The pivot table give a summary for us to compare the clusters.

It appears clearly that: The happiest group: have the higgest Log GDP per capital, Healthy life expectancy, Freedom to make life choices and the trust of government(the smaller 'Perceptions of corruption' is, the more confidence they have in the government).
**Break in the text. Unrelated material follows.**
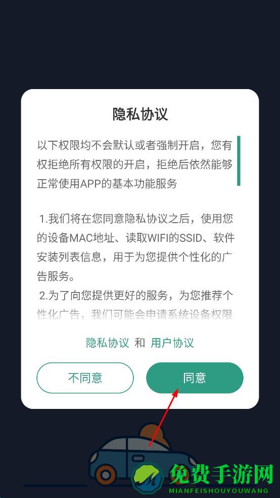 1、打开该自动化操作类APP,在隐私协议界面,仔细阅读相关内容后,点击同意,进入APP主界面。

The least happy group: have the lowest Log GDP per capital, Healthy life expectancy, Freedom to make life choices and the trust of government(the smaller 'Perceptions of corruption' is, the more confidence they have in the government).

Thus, we can draw a conclusion: happiness score is highly and positively correlated with the Log GDP per capital, Healthy life expectancy, Freedom to make life choices and the trust of government.

5.Conclusion

From the analysis, we can find out the answer of the questions we post at the very beginning.
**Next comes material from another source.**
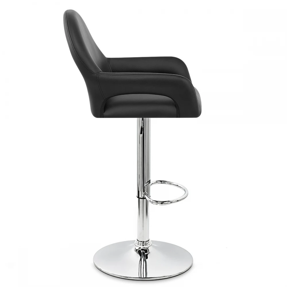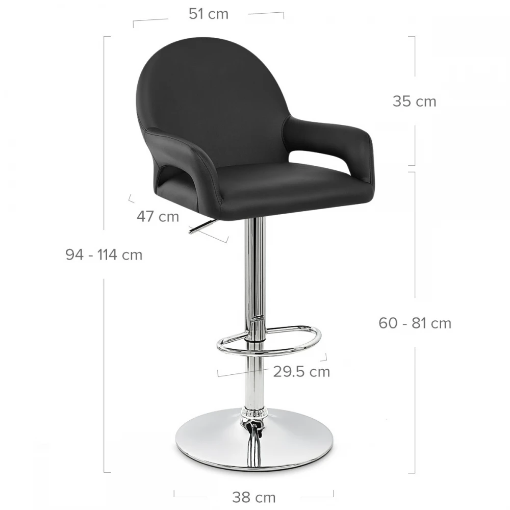 Der Barhocker Munich mit seinem klassischen Design hat einen komfortablen mit dichtem Schaumstoff gepolsterten Kunstledersitz. Ausgestattet mit Arm- und Rückenlehne bietet der Munich einen sehr hohen Komfort. Das glänzende Untergestell aus poliertem Chrom ist, dank eines Zylinders, in der Höhe stufenlos einstellbar. Desweiteren ist er um 360° drehbar und verfügt über eine Fußstütze. Dieser Barhocker besitzt, wie alle unsere Produkte, Gummischützer für Ihren Fußboden.

In the world, the TOP 5 happiness countries are Norway, Denmark, Iceland, Switzerland and Finland, which are all in Northern Europe. Obviousy, the Northern Europe is the happiest region.

Based on our analysis, we find that economics, social, healthy, freedom and policy, these five important variables positively influence the happiness level. Besides, the economical and social factors matter most.

Shown in the modeling part, there's a significant linear relationship between them.

From the clustering, we find that these countries can be nicely grouped into three parts, representing the happiest, moderately happy and least happy countries, respectively.

Compared with the least happy countries, happiest countries shows a great advantage over GDP, healthy life expectancy, freedom and trust of government, which are the secrets behind happiness.